**Exercise description:**
From the line containing "Miriam created a" to the line containing "Hollyfast is a" in the entries below, reproduce every line exactly, ends included. Nothing else belongs in the copy, and no pictures.

*** Data for processing ***

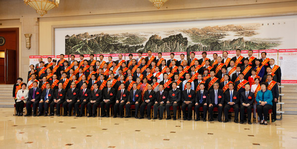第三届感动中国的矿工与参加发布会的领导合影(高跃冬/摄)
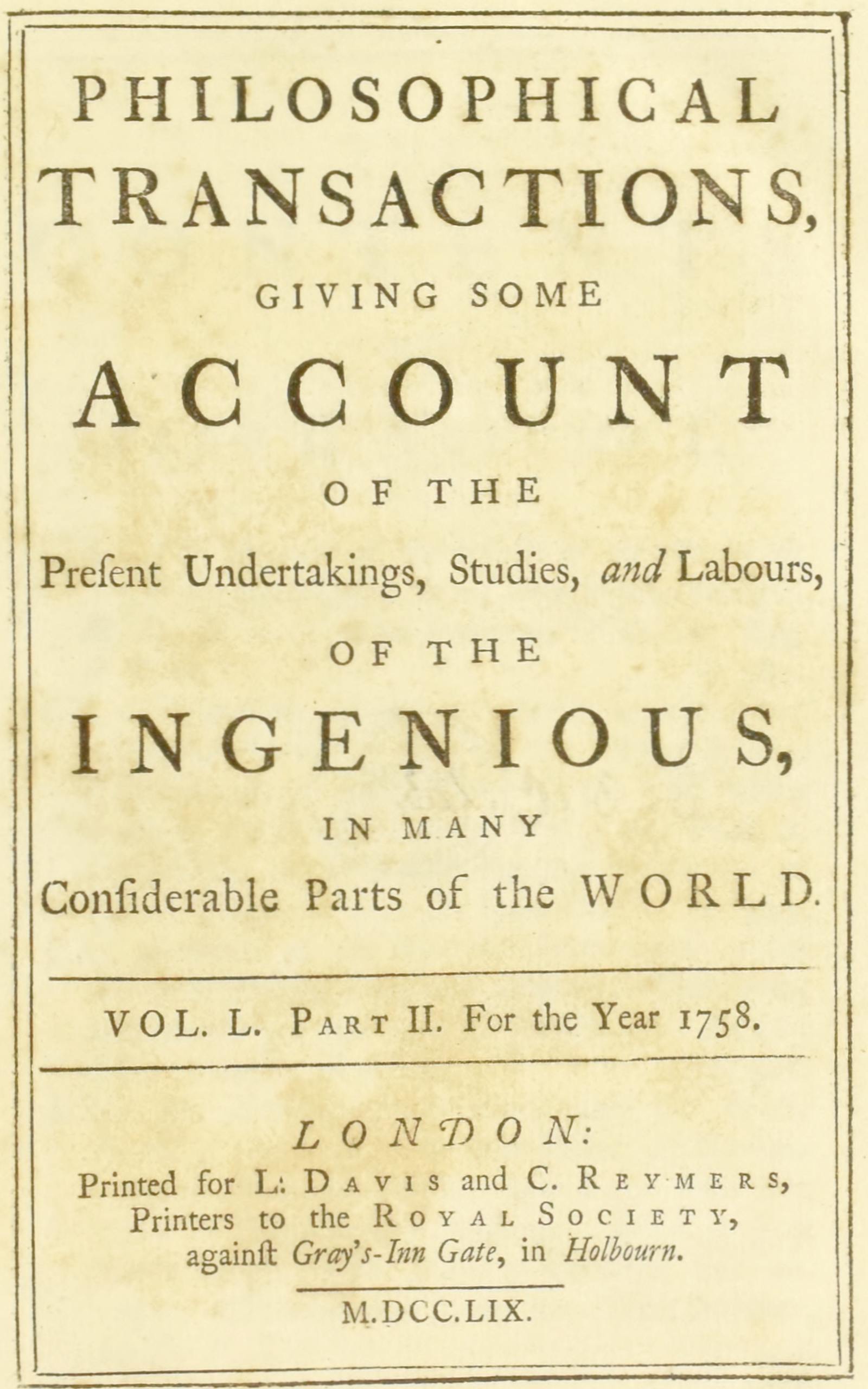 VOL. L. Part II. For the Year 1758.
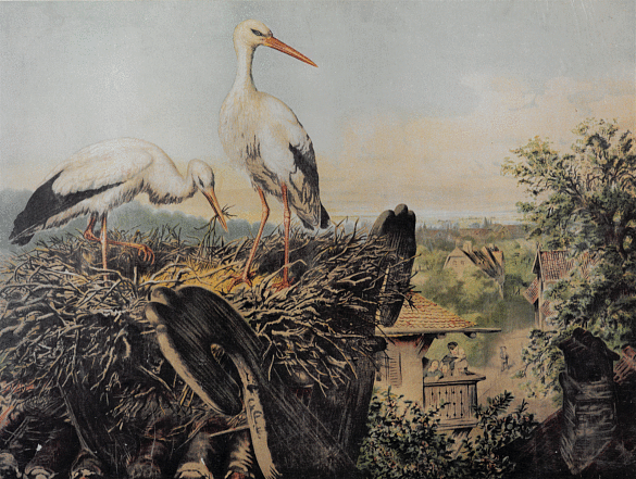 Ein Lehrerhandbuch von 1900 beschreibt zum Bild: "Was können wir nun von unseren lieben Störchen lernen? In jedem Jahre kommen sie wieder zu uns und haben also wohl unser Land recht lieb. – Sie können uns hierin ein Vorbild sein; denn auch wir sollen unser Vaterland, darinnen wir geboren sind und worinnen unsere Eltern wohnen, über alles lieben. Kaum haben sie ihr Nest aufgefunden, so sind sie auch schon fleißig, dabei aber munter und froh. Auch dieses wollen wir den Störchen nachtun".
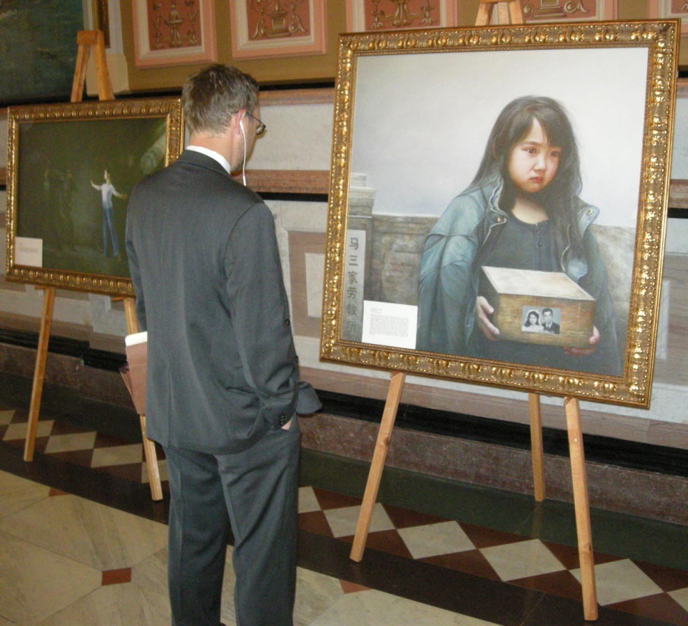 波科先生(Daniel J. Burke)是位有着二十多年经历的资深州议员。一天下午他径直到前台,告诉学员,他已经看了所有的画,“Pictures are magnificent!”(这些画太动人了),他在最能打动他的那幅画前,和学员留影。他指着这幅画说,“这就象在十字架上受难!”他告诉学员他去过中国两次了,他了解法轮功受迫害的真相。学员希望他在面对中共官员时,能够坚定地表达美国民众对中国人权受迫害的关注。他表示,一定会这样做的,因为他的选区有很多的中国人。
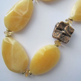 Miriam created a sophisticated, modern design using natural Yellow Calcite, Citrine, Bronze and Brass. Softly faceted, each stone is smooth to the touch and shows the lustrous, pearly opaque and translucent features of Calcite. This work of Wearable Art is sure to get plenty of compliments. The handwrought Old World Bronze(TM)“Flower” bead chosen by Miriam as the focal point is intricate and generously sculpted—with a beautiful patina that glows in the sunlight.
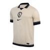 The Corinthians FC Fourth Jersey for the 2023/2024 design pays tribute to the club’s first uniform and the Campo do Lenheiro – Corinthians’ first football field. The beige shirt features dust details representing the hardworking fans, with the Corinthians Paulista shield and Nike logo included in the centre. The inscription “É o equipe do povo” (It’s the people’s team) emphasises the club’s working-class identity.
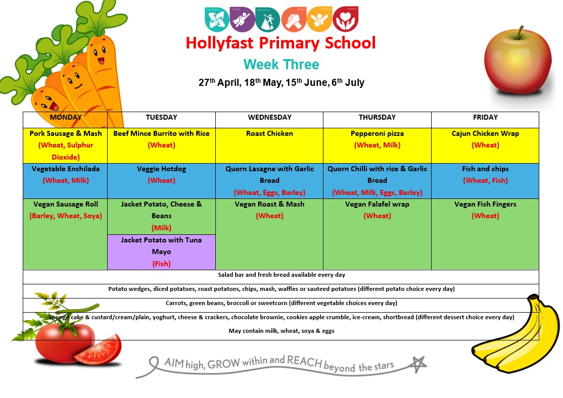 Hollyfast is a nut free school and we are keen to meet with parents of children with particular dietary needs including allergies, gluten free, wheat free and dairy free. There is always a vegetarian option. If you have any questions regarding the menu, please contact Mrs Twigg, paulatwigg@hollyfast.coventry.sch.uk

*** End of Data for processing ***
*** Data for processing ***

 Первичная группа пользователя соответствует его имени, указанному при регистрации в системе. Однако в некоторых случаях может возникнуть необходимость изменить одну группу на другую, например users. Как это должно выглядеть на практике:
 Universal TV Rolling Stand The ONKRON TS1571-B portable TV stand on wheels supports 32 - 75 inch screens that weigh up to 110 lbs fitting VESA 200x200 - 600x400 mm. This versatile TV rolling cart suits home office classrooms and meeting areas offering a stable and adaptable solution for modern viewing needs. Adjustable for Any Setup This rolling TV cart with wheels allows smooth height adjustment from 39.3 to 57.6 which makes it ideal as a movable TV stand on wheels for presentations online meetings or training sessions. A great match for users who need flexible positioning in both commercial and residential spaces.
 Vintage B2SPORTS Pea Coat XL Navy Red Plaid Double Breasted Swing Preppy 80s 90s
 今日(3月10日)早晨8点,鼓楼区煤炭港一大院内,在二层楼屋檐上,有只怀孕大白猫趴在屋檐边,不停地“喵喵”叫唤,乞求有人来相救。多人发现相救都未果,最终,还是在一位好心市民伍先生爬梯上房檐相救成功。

*** End of Data for processing ***

**Expected answer:**
 Miriam created a sophisticated, modern design using natural Yellow Calcite, Citrine, Bronze and Brass. Softly faceted, each stone is smooth to the touch and shows the lustrous, pearly opaque and translucent features of Calcite. This work of Wearable Art is sure to get plenty of compliments. The handwrought Old World Bronze(TM)“Flower” bead chosen by Miriam as the focal point is intricate and generously sculpted—with a beautiful patina that glows in the sunlight.
 The Corinthians FC Fourth Jersey for the 2023/2024 design pays tribute to the club’s first uniform and the Campo do Lenheiro – Corinthians’ first football field. The beige shirt features dust details representing the hardworking fans, with the Corinthians Paulista shield and Nike logo included in the centre. The inscription “É o equipe do povo” (It’s the people’s team) emphasises the club’s working-class identity.
 Hollyfast is a nut free school and we are keen to meet with parents of children with particular dietary needs including allergies, gluten free, wheat free and dairy free. There is always a vegetarian option. If you have any questions regarding the menu, please contact Mrs Twigg, paulatwigg@hollyfast.coventry.sch.uk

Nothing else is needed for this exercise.